Who Will Share My Image? Predicting the Content Diffusion Path in Online Social Networks
This addresses content popularity prediction for social media users and hosts by modeling diffusion paths rather than single metrics, though it is incremental as it builds on existing deep learning methods.
The paper tackles the problem of predicting the entire diffusion path of images in online social networks, proposing Diffusion-LSTM, which combines user social and image features with memory to achieve more accurate predictions compared to baselines and can generalize to new users.
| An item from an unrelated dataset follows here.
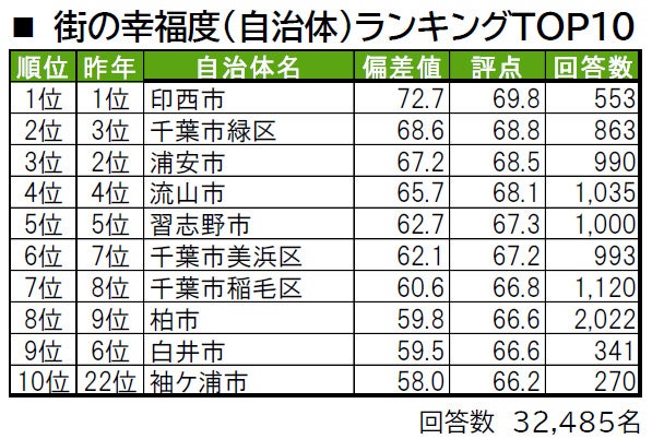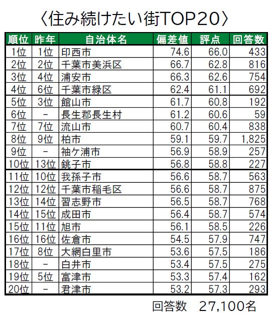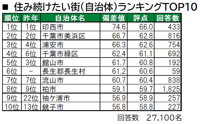 いい部屋ネット「街の幸福度 & 住み続けたい街ランキング2022<千葉県版>」発表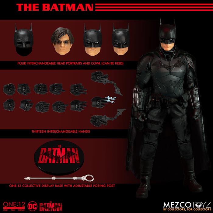 Description: One:12 Collective! The Batman is outfitted in a screen-accurate armored Batsuit with chest insignia. The costume features an integrated posing wire in the cape, utility belt, a thigh pouch, and two vambrace. Batman comes complete with four head portraits including an unmasked Bruce Wayne portrait, all featuring the likeness of actor Robert Pattinson. Equipped with multiple Batarangs, sticky bombs, handcuffs, grapple launcher, and smoke bombs, Batman fights crime in the wet and grimy streets of Gotham. Each One:12 Collective The Batman figure is packaged in a collector friendly box, designed with collectors in mind..

Content popularity prediction has been extensively studied due to its importance and interest for both users and hosts of social media sites like Facebook, Instagram, Twitter, and Pinterest. However, existing work mainly focuses on modeling popularity using a single metric such as the total number of likes or shares. In this work, we propose Diffusion-LSTM, a memory-based deep recurrent network that learns to recursively predict the entire diffusion path of an image through a social network. By combining user social features and image features, and encoding the diffusion path taken thus far with an explicit memory cell, our model predicts the diffusion path of an image more accurately compared to alternate baselines that either encode only image or social features, or lack memory. By mapping individual users to user prototypes, our model can generalize to new users not seen during training. Finally, we demonstrate our model's capability of generating diffusion trees, and show that the generated trees closely resemble ground-truth trees.